For both conditions the script counts:
- the size of the gathered context, in approximate tokens,
- whether the expected file appears in the gathered context,
- the number of tool calls used.
estimated_total_token_reduction_x adds a fixed grep-agent prompt-and-overhead
estimate to each side and reports the ratio. context_token_reduction_x
reports the ratio of context-only token volumes.
Run it locally:
OLLAMA_EMBED_MODEL=mxbai-embed-large \
.venv/bin/python benchmarks/agent_context_benchmark.py
Results across top-k
| top-k | recall (skygrep) | recall (grep) | estimated total-token reduction | context-token reduction | notes |
|---|---|---|---|---|---|
| 5 | 28 / 30 | 30 / 30 | 2.66× | 5.53× | Highest token efficiency; misses two expected files. |
| 10 | 30 / 30 | 30 / 30 | 2.00× | 2.90× | Equal recall to grep with the largest token reduction at parity. |
| 20 | 30 / 30 | 30 / 30 | 1.36× | 1.53× | Equal recall, smaller reduction. |
| 50 | 30 / 30 | 30 / 30 | 0.67× | 0.60× | Equal recall, but more tokens than the grep baseline. |
Top-k 10 is the only setting in this table where skylakegrep matches grep-agent recall while keeping the estimated total-token reduction above 1×.
Reproduce a single row with:
.venv/bin/python benchmarks/agent_context_benchmark.py --top-k 10 --summary-only
Limitations
The numbers above support narrow claims only.
- Not provider billing. No real coding agent is executed against a paid model in this benchmark.
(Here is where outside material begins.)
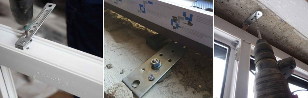 Выполняется, если речь идет об остеклении лоджии. Тогда вся рама держится на анкерных пластинах для окон, которые ее фиксируют по периметру (кроме нижнего профиля). Но, если выполняется остекление балкона, то здесь использовать только анкерные пластины неуместно, потому что они будут держать только боковые створки, а центральная (фронтальная) рама, которая является самой большой и тяжелой, будет крепиться только к боковым рамам. Этого крепления может быть недостаточно, чтобы выдержать вес рамы и ветровую нагрузку.
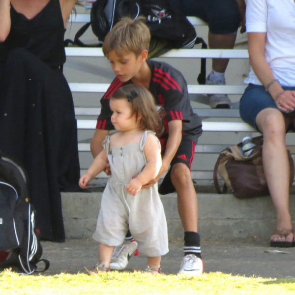 Romeo Beckham jugando con su hermana pequeña Harper Seven

The total-token figure uses a fixed prompt and overhead model for the grep agent rather than a measured session.
- Not an answer-quality evaluation. Recall is "did the expected file appear in the gathered context", not "is the final synthesized answer correct against a rubric".
- Repository-specific task set. The 30 tasks are tied to this repository's structure and naming. Results on a different codebase may differ and should be measured on an independent task set.
- Embedding model dependency. The embedding model affects retrieval
quality and changes the headline numbers. The numbers above were
measured with
mxbai-embed-large. The current default substrate isbge-m3(1024-d, multilingual, symmetric); re-running this bench onbge-m3is a follow-up. - No cross-encoder rerank. The lexical reranker uses simple token and phrase overlap. A second-stage reranker over a larger candidate pool is on the roadmap and would change the trade-off curve.
Conditions for an end-to-end claim
A future end-to-end benchmark, suitable for the broader claim that
skylakegrep reduces token usage in real coding-agent sessions, requires
the following:
- A task set of 30–50 questions or navigation tasks with expected files and rubric answers, including easy, medium, and multi-hop items.
- The same model, repository commit, and system prompt across both conditions.
- Per task and per condition, recorded measurements for input tokens, output tokens, tool-call/result tokens, number of tool calls, wall-clock latency, retrieval correctness, and a rubric-graded final answer score.
- Two conditions:
- Baseline. The agent may use exact search tools (
grep,rg), file reads, and shell inspection, but notskylakegrep. - Treatment. The agent may issue one or moreskygrep searchcalls before reading files and may verify with file reads afterwards. - The reported headline metric is
end_to_end_token_reduction = baseline total tokens / treatment total tokens, reported alongside the rubric quality score on each side. A workflow that uses fewer tokens but produces a worse answer is worse, not better.
Until that benchmark is run, the claim from this repository is the narrower one stated at the top of this document: equal recall at top-k 10 with about a 2× estimated total-token reduction in a deterministic local context-gathering benchmark on this codebase.